### EXERCISE DETAILS
Print all records exactly, pictures left out.

------------------------------------------------

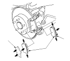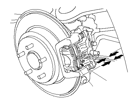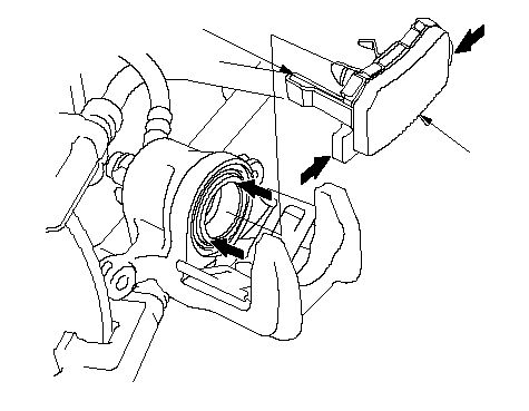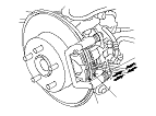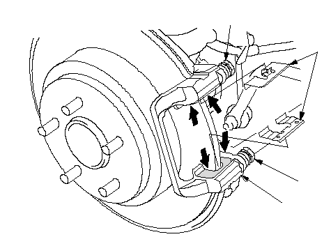 Нанесите смазку Molykote M77 на фиксаторы в местах их соприкосновения (указаны стрелками) напротив скобы суппорта.
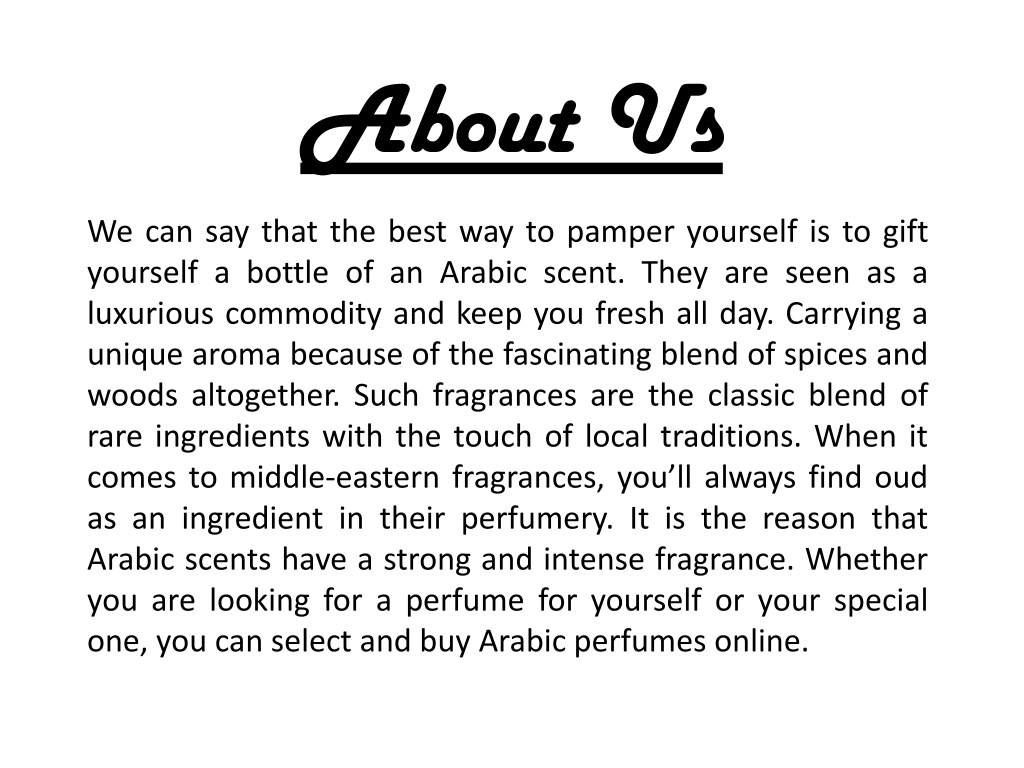 About Us We can say that the best way to pamper yourself is to gift yourself a bottle of an Arabic scent. They are seen as a luxurious commodity and keep you fresh all day. Carrying a unique aroma because of the fascinating blend of spices and woods altogether. Such fragrances are the classic blend of rare ingredients with the touch of local traditions. When it comes to middle-eastern fragrances, you’ll always find oud as an ingredient in their perfumery. It is the reason that Arabic scents have a strong and intense fragrance. Whether you are looking for a perfume for yourself or your special one, you can select and buy Arabic perfumes online.
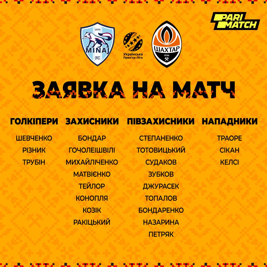 Донецький Шахтар опублікував заявку на майбутній перенесений матч дев'ятого туру УПЛ проти Миная.
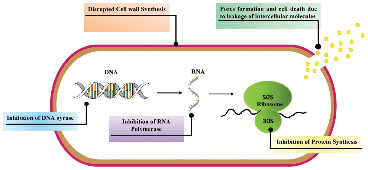 Both antibiotics and bacteriocins have similar mechanisms of action, which include disrupting cell wall formation, inhibiting DNA replication and protein synthesis, and disrupting cell membrane integrity [Figure 1].
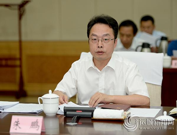 市委副书记、代市长朱鹏传达会议精神。 记者 雷哲侠 摄
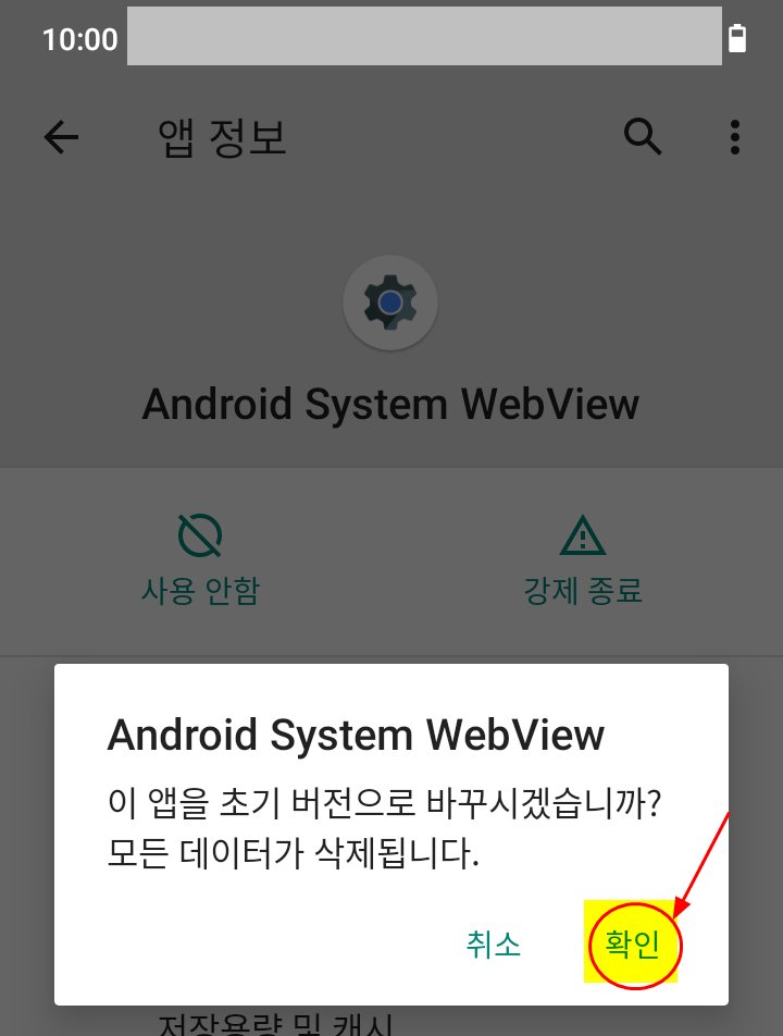 5. Android System WebView 이 앱을 초기 버전으로 바꾸시겠습니까? 모든 데이터가 삭제됩니다.
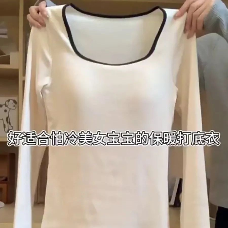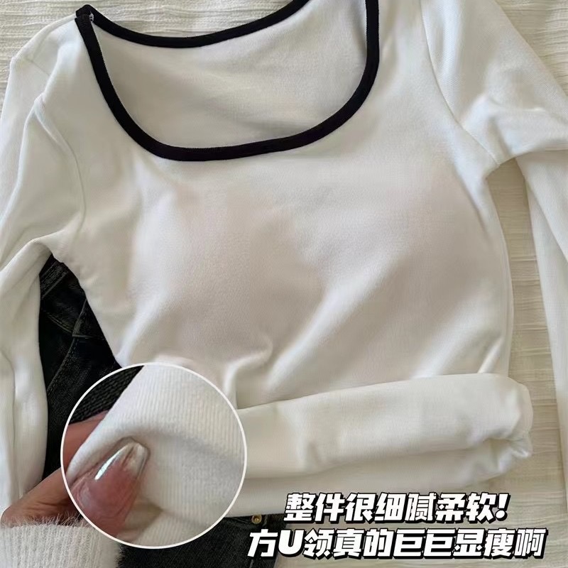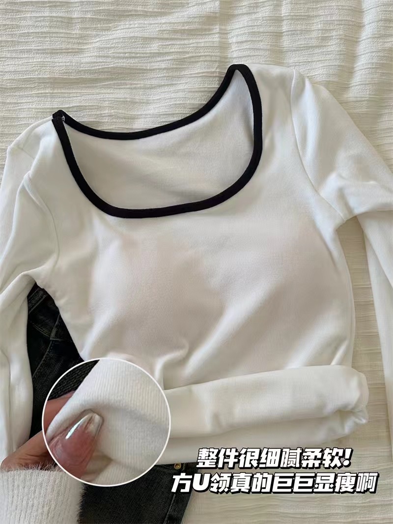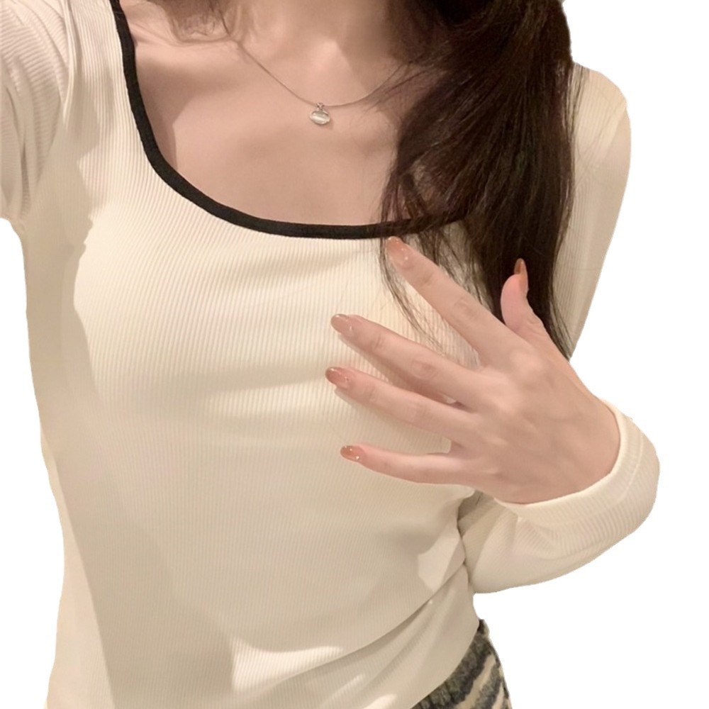 【GZ】无忧购26年春季59元2件带胸垫方领打底衫女内搭设计感小众撞色长袖T恤打底(截单后3-5天发货)

------------------------------------------------

### EXPECTED ANSWER
 Нанесите смазку Molykote M77 на фиксаторы в местах их соприкосновения (указаны стрелками) напротив скобы суппорта.
 About Us We can say that the best way to pamper yourself is to gift yourself a bottle of an Arabic scent. They are seen as a luxurious commodity and keep you fresh all day. Carrying a unique aroma because of the fascinating blend of spices and woods altogether. Such fragrances are the classic blend of rare ingredients with the touch of local traditions. When it comes to middle-eastern fragrances, you’ll always find oud as an ingredient in their perfumery. It is the reason that Arabic scents have a strong and intense fragrance. Whether you are looking for a perfume for yourself or your special one, you can select and buy Arabic perfumes online.
 Донецький Шахтар опублікував заявку на майбутній перенесений матч дев'ятого туру УПЛ проти Миная.
 Both antibiotics and bacteriocins have similar mechanisms of action, which include disrupting cell wall formation, inhibiting DNA replication and protein synthesis, and disrupting cell membrane integrity [Figure 1].
 市委副书记、代市长朱鹏传达会议精神。 记者 雷哲侠 摄
 5. Android System WebView 이 앱을 초기 버전으로 바꾸시겠습니까? 모든 데이터가 삭제됩니다.
 【GZ】无忧购26年春季59元2件带胸垫方领打底衫女内搭设计感小众撞色长袖T恤打底(截单后3-5天发货)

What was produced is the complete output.